By indigomoth — On Aug 12, 2012

@KoiwiGal - I don't think they are going anywhere anytime soon. I mean, yeah, they probably won't be able to employ as many people as before, but I don't think all that many people working at an optometrist's clinic were actually optometrists. They were needed for the exams and that's it, and as you said, you still need the exams.

I think a lot of people don't realize they should be having regular optometry exams after a certain age, even if they don't have a problem with their eyesight, simply because there are quite a few diseases that can be diagnosed early by how they affect the eye.

Getting an eye exam is one way to find those diseases. I don't think optometry training is a waste of time and I don't think the profession is going anywhere.

By KoiwiGal — On Aug 11, 2012

@umbra21 - I think that optometrists may be finding it difficult to get work at the moment simply because people aren't buying glasses the way they used to. There are other alternatives, including surgery to correct your eyes.

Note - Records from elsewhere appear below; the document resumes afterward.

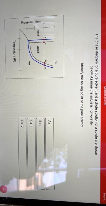 Solved Label the phase diagram of pure solvent and a - Chegg Question: Label the phase diagram of pure solvent and a solution Freezing point of solution GAS Solution Pure solvent 1 atm Boiling pointFreezing point of of solvent solvent ??? 11 SOLID AT AP Boiling pointLIQUID of solution Temperature Show transcribed image text Expert Answer 100% (11 ratings) Transcribed image text:
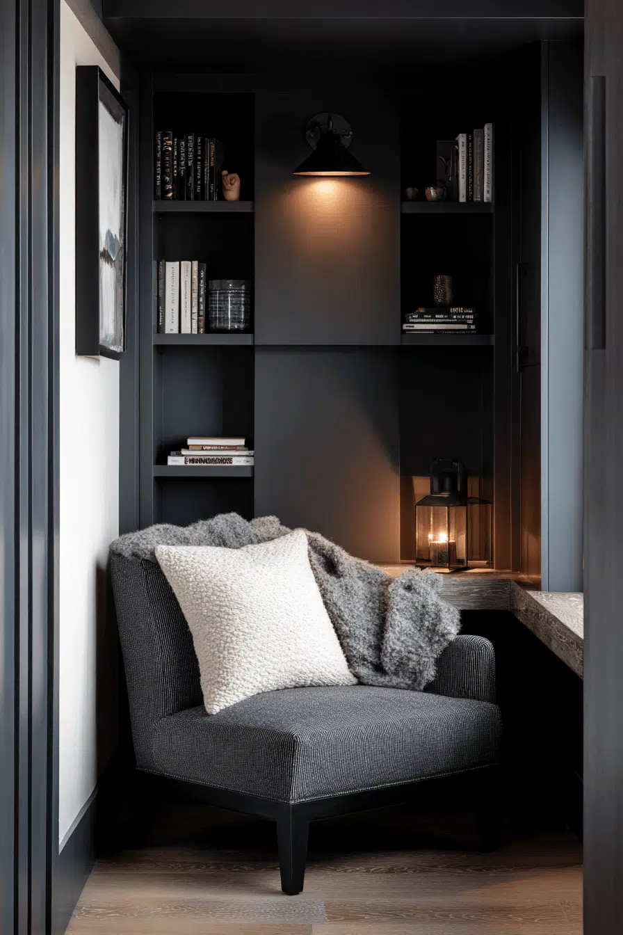 Dark tones introduce contrast and depth, creating a cozy and intimate reading spot. Bold finishes enhance small reading nook cozy corner designs by defining the space clearly. Warm lighting balances the darker palette. Soft textures add comfort. Clean lines maintain structure. The mood feels stylish and focused. Add dramatic contrast to your nook.
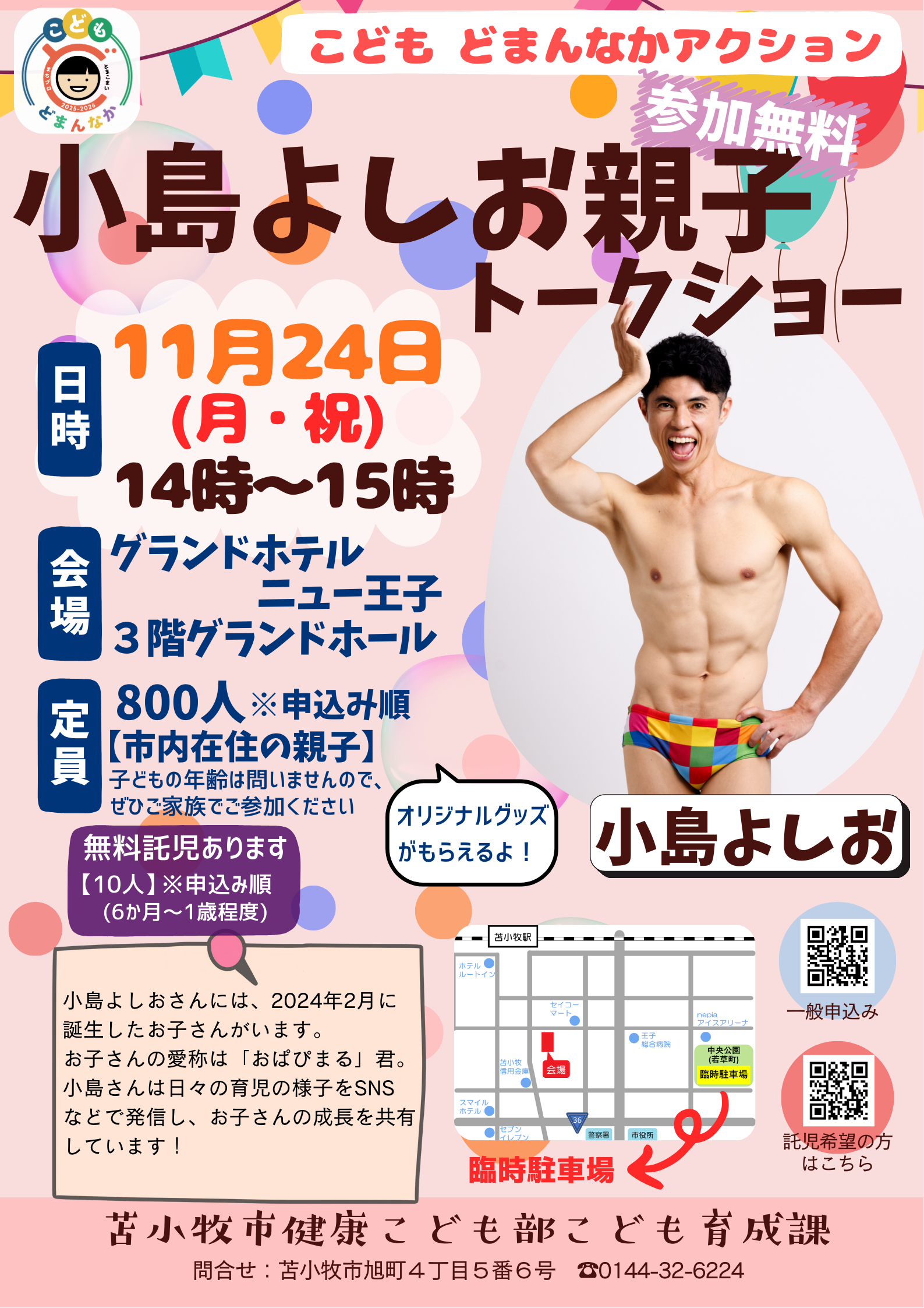 本市では、「こども・子育てにやさしいまち 苫小牧」の実現を目指し、「選ばれるまちプロジェクト」として、「こども どまんなかアクション」を展開しています。この「こども どまんなかアクション」のイベントとして、こども家庭庁が定める11月の「秋のこどもまんなか月間」に合わせて、小島よしお親子トークショーを開催します。
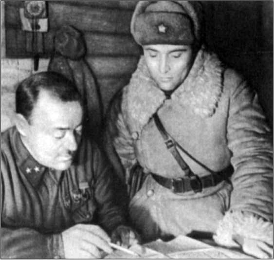 Ф.Д. Захаров и А.В. Чапаев – сын легендарного начдива,(командир противотанкового дивизиона 511-го ran 133-й сд в период боев на Рогачевском шоссе). Фотография сделана в начале 1942 г.
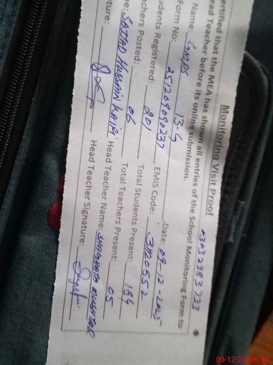 | Certified that this School was Inspected by the Undersigned MEA/DMO Today and the Information Stated Above is as Per Record. | |||||
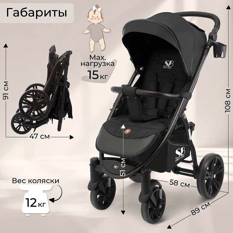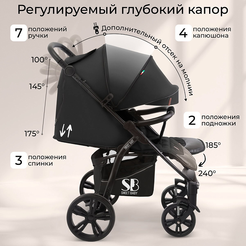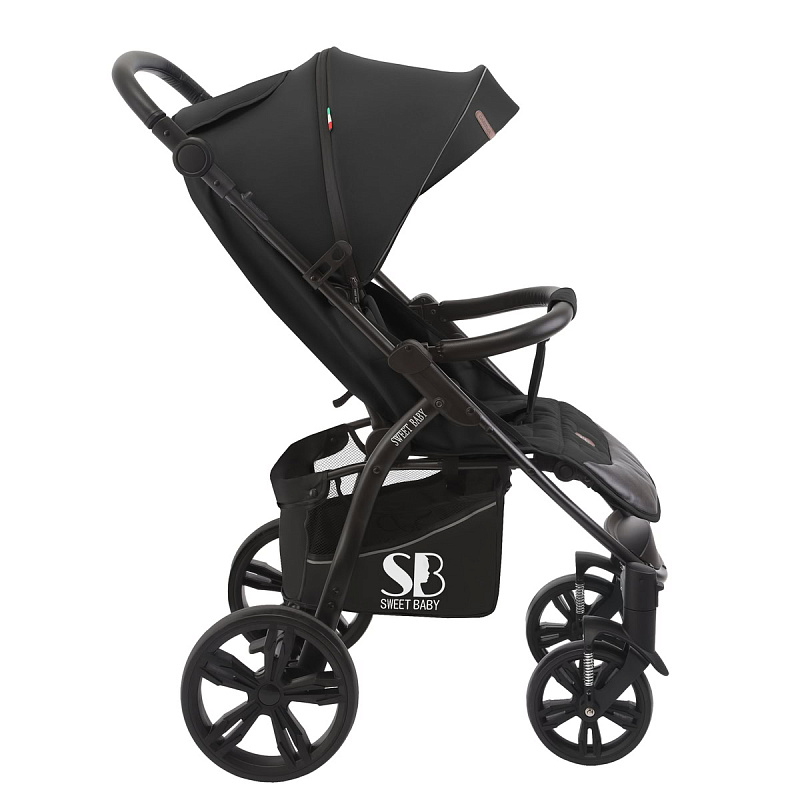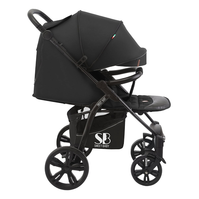 Sweet baby Carisma – новая всесезонная прогулочная коляска итальянского бренда, созданная для безусловного комфорта в путешествиях и прогулках любого формата детей в возрасте от 6 месяцев и до 3х лет . Отличительной особенностью коляски является горизонтальное положение для беззаботного сна и комфортная механическая регулировка спинки (3 положения). Верхняя часть коляски выполнена из инновационного материала с повышенной износостойкостью и устойчивого к выцветанию. Компактная система складывания коляски вместе с сиденьем, при которой рама занимает устойчивую вертикальную позицию, надежно фиксируется держателем, сохраняется гигиеничность ручки и текстильной обивки. Большие задние колеса легко преодолевают неровности грунта и препятствия загородных дорог, передние позволяют маневрировать в сложных городских условиях и являются полноповоротными, что значительно облегчает управление коляской. Функция блокировки передних колес удобна при передвижении по снегу и грязи. В комплекте есть дождевик и подстаканник

But, I haven't had the surgery and I only ever go in every three or four years now to get a checkup. I used to go every year, because it was the only place to buy glasses and contacts but it's so much cheaper to get them online that you might as well do that.

Without being able to compete with online sellers, I suspect a few optometrists will have to change their main method of earning, or change professions.

By umbra21 — On Aug 10, 2012

There is a lot of competition to get into optometry courses and jobs because it's a profession that is so much in the public eye (no pun intended!). Huge numbers of people go to optometrists in order to get their eyes tested and to get glasses.

My sister was at the point in her science degree where she had to decide what she wanted to do and she seriously considered optometry, because she likes working with children and didn't want to be a doctor or a nurse. But in the end, she picked audiology instead. Audiology isn't as much in the public eye because most people only get their ears tested as babies and as older people.

She's found that she can get a job almost anywhere, since there is a bit of a shortage for audiologists. So, if you are considering getting an optometry degree, but are worried about your chances, perhaps give audiology a look as well.